Since there are plenty of oak trees all around the United States, this is the most popular firewood among the natives. Oakwood has a density of 37-56 lbs./ft.3, which is high enough to keep your place warm for the whole night. This hardwood is known for its slow burns and clean residues. 

Each cord of oakwood produces 24-28 million BTUs – making the burns hotter than most other types of firewood. One drawback of the wood is that it takes almost 2 years to be completely dried. Apart from that, oak is the ideal firewood to burn. 


Hickory is another high-quality firewood that has an impressive heat production of 28.5 million BTUs for each cord. It is also one of the brightest and longest burning woods that usually burns for more than four hours. 

The wood leaves thick hot coal to fill your room with warmth till the morning. With its 37-58 lbs./ft.3 dense logs, the wood will burn clean and create the least amount of smoke. 


This native hardwood has two excellent features that make it many people’s first choice.

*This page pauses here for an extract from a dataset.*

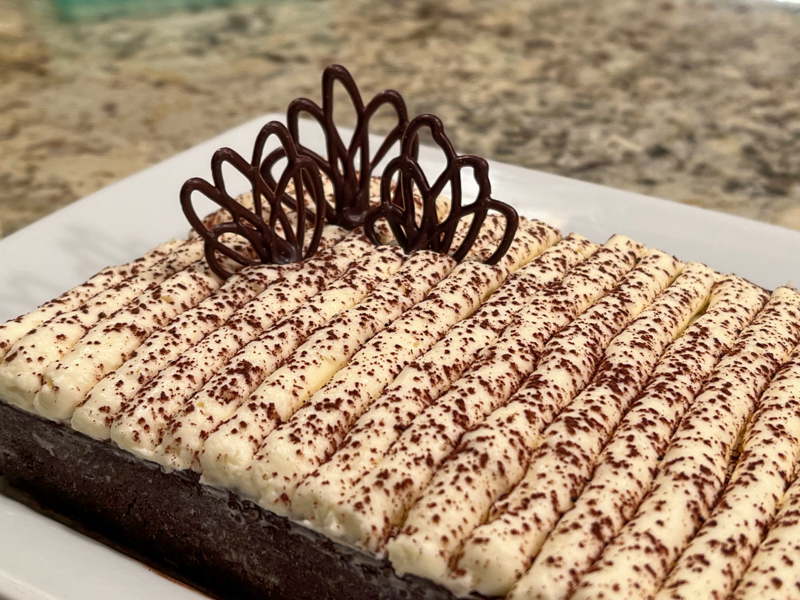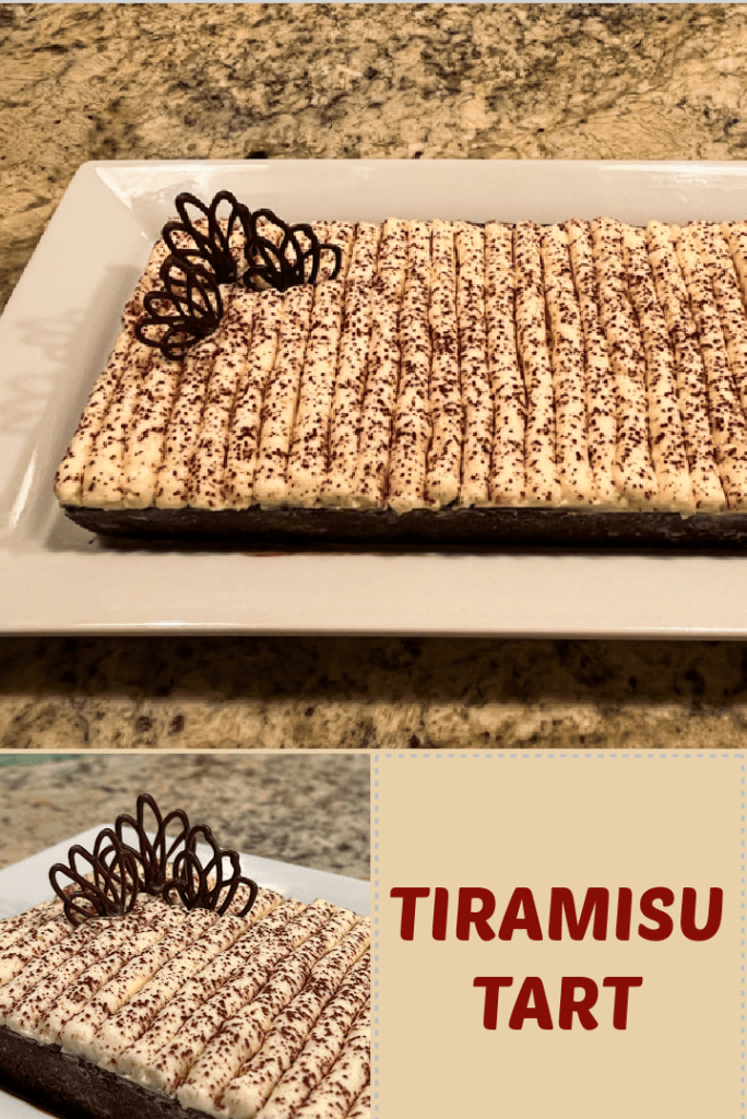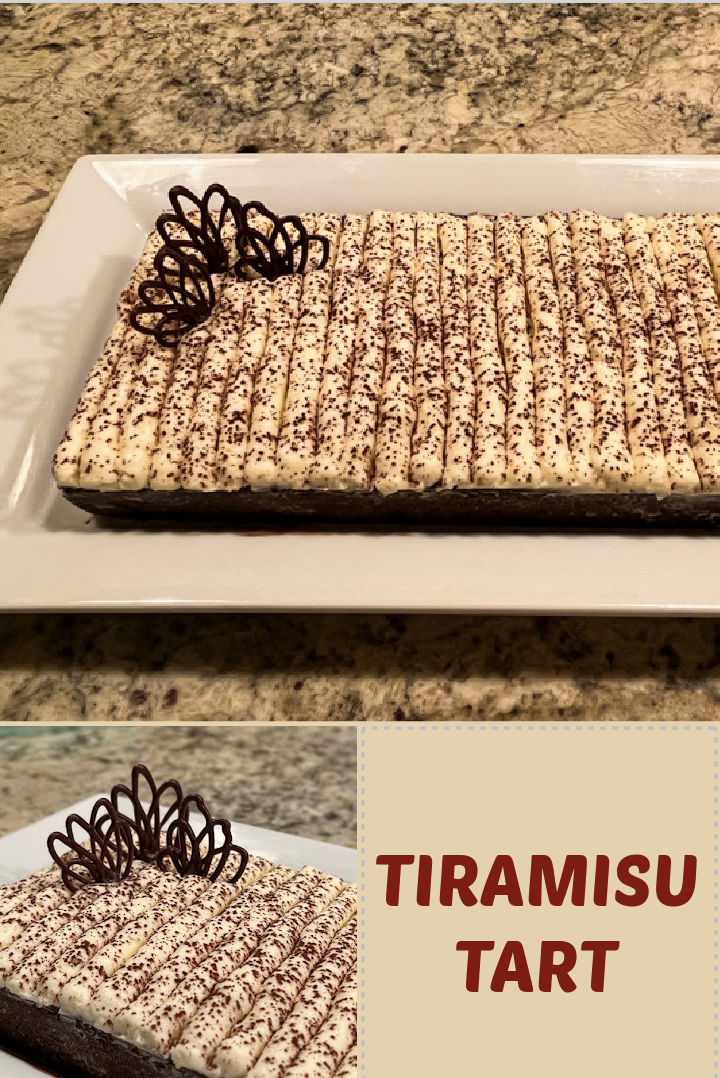 Tiramisu normally uses store-bought lady fingers, but in Kirsten’s version we go the extra mile and make our own, which is quite a fun little project. As you can see from the composite above, the lady finger batter is piped, baked and then the resulting layer is cut to fit exactly over the coffee-chocolate mousse spread in the bottom of the tart. I used THIS RECIPE for the mousse, adding 1 tsp of espresso powder to the heavy cream before incorporating into the chocolate.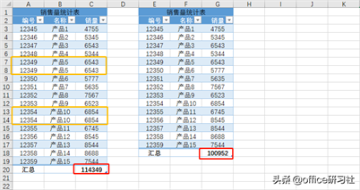 如下图:产品5和产品10数据重复,最后汇总部分就出现了错误。

Despite being a hardwood, it takes a surprisingly short time to be completely dried out. Also, some types of birch wood can be used without seasoning. 

The wood produces 20.8 million BTUs per cord, which is enough even for the coldest nights. Moreover, birch is considered the best smelling firewood by many people. It has a subtle and sweet aroma that will elevate your mood instantly. 

Softwood Firewood 

Typically, softwood is lighter and less dense than hardwood. Because of the low density, it takes only 6 to 12 months to season softwood. Moreover, softwood is cheaper to buy and easier to kindle. It burns quickly and produces a hotter flame. 

Softwood is perfect as scrap for lighting up the fire, and so you can mix them with your hardwood stack to have better control over the fire you’re burning. During the spring or fall, softwood can be valuable as it produces less intense heat. 

Remember that the excessive use of softwood can build up creosote inside your chimney and cause a fire. 

Here are some of the most popular softwood firewood:


As every cord of cedarwood produces 12-13 million BTUs heat, the wood is most suitable for the initial days of winter. Cedarwood creates less flame and more heat that lasts longer than other softwood. 

It also has a pleasant smell that fills up your living spaces or campsites. Keep in mind that cedar is one of the most expensive softwoods. 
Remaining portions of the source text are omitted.